LONDON — Britain took a crucial step on Friday toward making all adults presumed organ donors unless they say otherwise, which would add the country to a growing list of those that have adopted the policy to address a chronic shortage for transplants.
The House of Commons, on a sparsely attended voice vote, gave unanimous approval to send an organ donor bill to committee, where a final version would be created. Though it still could face procedural obstacles, it has the support of a rare alliance of the Conservative government, the leadership of the opposition Labour Party, and the British medical establishment, indicating that chances of passage are good.
“I’ve seldom seen such a unanimous range of support,” said Geoffrey Robinson, the Labour lawmaker who sponsored the bill and who was one of dozens from both major parties who spoke in favor of it on Friday. “This will save lives.”
The change would apply in England. The Scottish Parliament is also considering moving to an opt-out system, while Northern Ireland requires explicit consent. Wales has had presumed consent to organ donation since 2015.
Dozens of countries have “presumed consent” laws, in which people who do not want their organs to be used must take formal steps to opt out of donation. Though some of those rules have been in place for decades, most have been adopted in recent years; an opt-out system took effect in France last year, for example, and the Dutch Parliament approved one this month.
In the United States, to be organ donors, people must fill out forms or join an online registry, or their families must give approval; a few states have considered opt-out bills, but none have adopted them.
Though public opinion surveys show that a vast majority of people in developed countries favor organ donation, far fewer sign up as donors, and thousands of people around the world die every year while waiting for kidneys, hearts, livers, lungs and other tissue to become available.
The European countries with the highest donation rates — Belgium, Portugal and Spain — have longstanding presumed consent laws. But in some countries, like Sweden, such laws have not produced high donation rates.
In 2008, Gordon Brown, then the prime minister, called for a presumed consent law in Britain, a measure that the British Medical Association has supported for years. But the plan was doomed by criticism from a government task force and by some religious leaders — in particular, some Orthodox Jewish authorities took the position that standard organ harvesting practices violated Jewish law, which prohibits desecrating the body.
Since then, surveys have shown rising public sentiment in favor of donation, driven partly by highly publicized cases of people who were forced to wait for organs. With the cooperation of rabbinical authorities, Israel has loosened its restrictions on organ transplants.
Last fall, Prime Minister Theresa May said Parliament should change to an opt-out system, and the government has invited public comment on the issue through March 6.
Several lawmakers from both major parties said on Friday that the success of a new law would depend largely on specifics that had yet to be worked out. Designing the program poorly could backfire, they said, making people distrust the system and increasing the rate of refusals.

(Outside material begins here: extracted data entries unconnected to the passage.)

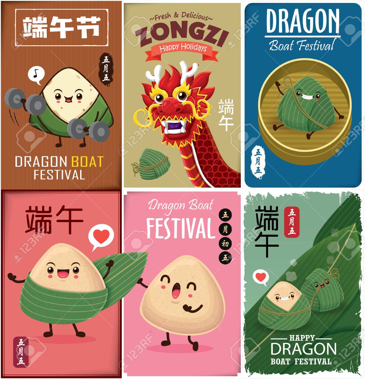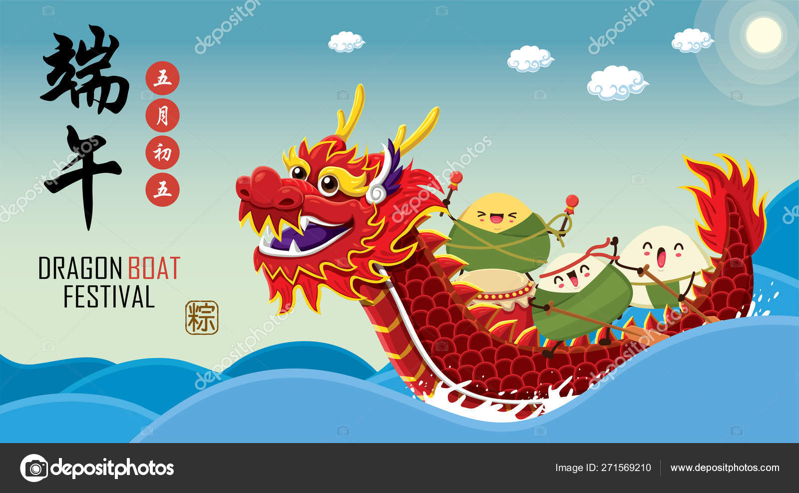 ビンテージの中華ちまきは漫画キャラクター ドラゴン ボートです ドラゴン ボート祭りイラスト キャプション ドラゴン ボート祭り ストックベクター©Donnay 271569210。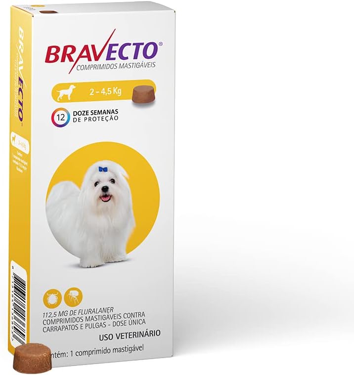 Bravecto® Cães 112,5mg Antipulgas e Carrapatos Cães de 2 a 4,5kg 1 Comp. Mastigável MSD Saúde Animal
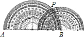 分析:依题意,设大量角器的左端点为A,小量角器的圆心为B.利用三角形的内角和定理求出∠PAB的度数.然后根据圆的知识可求出大量角器上对应不度数.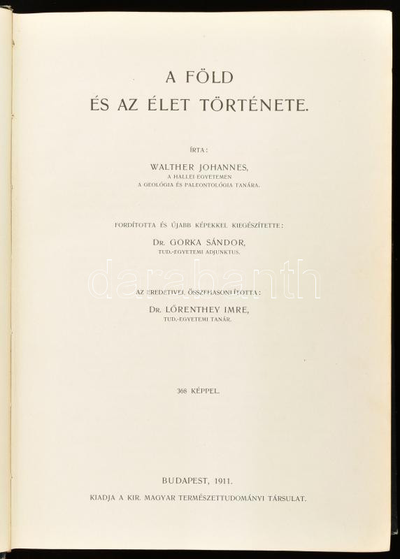 Walther Johannes: A föld és az élet története. Ford. és újabb képekkel kiegészÃtette: Dr. Gorka Sándor. Bp., 1911., Kir. Magyar Természettudományi Társulat,("Pátria"-ny.) ElsÅ‘ kiadás. Gazdag fekete-fehér képanyaggal illusztrált. Kiadói egészvászon-kötés, Gottermayer-kötés, kissé kopott borÃtóval, benne újságcikkel.

Noting Mr. Brown’s experience and the uneven record of the laws in other countries, lawmakers advocated a “soft” system, in which families could refuse donation even if their dead relatives had not opted out. Most countries with opt-out laws have gone that route, but a few, like Austria and Singapore, have “hard” opt outs, in which the family’s wishes can be dismissed.
“There can be no question of the state taking control of organs, and that’s why the ability to opt out is central to this bill, and it has to be made relatively easy,” said Jackie Doyle-Price, a Conservative health minister. “It’s also central to this that the issue of family consent is respected.”